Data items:
--

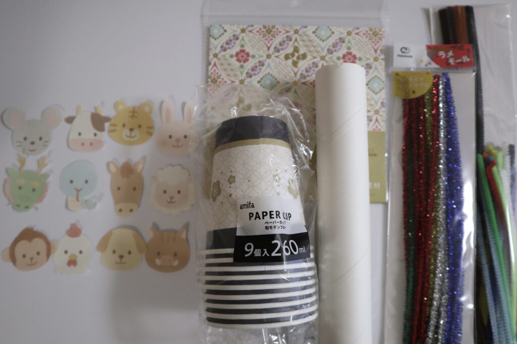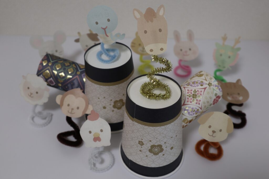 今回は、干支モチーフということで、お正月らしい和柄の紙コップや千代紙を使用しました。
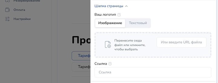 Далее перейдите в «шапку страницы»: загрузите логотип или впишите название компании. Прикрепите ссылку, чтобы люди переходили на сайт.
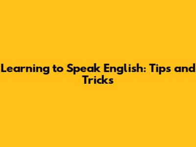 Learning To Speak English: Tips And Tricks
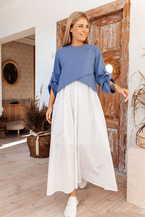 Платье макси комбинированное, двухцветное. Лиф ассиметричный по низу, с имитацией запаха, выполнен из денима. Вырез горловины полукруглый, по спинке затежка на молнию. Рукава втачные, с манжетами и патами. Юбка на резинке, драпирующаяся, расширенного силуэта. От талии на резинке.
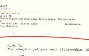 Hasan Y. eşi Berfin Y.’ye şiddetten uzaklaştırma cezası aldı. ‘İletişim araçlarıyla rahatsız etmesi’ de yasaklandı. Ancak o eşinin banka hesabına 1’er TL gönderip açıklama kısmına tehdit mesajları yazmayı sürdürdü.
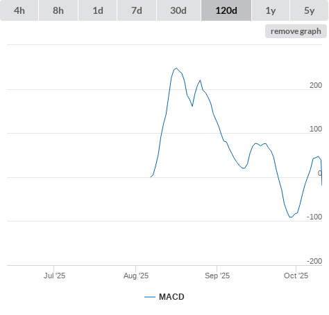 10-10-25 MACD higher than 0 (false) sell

--

From the data above, return only the lines starting at the line that holds "Далее перейдите в" and ending at the line that holds "Learning To Speak English: Tips And Tricks", word for word and without pictures.

_Result_:
 Далее перейдите в «шапку страницы»: загрузите логотип или впишите название компании. Прикрепите ссылку, чтобы люди переходили на сайт.
 Learning To Speak English: Tips And Tricks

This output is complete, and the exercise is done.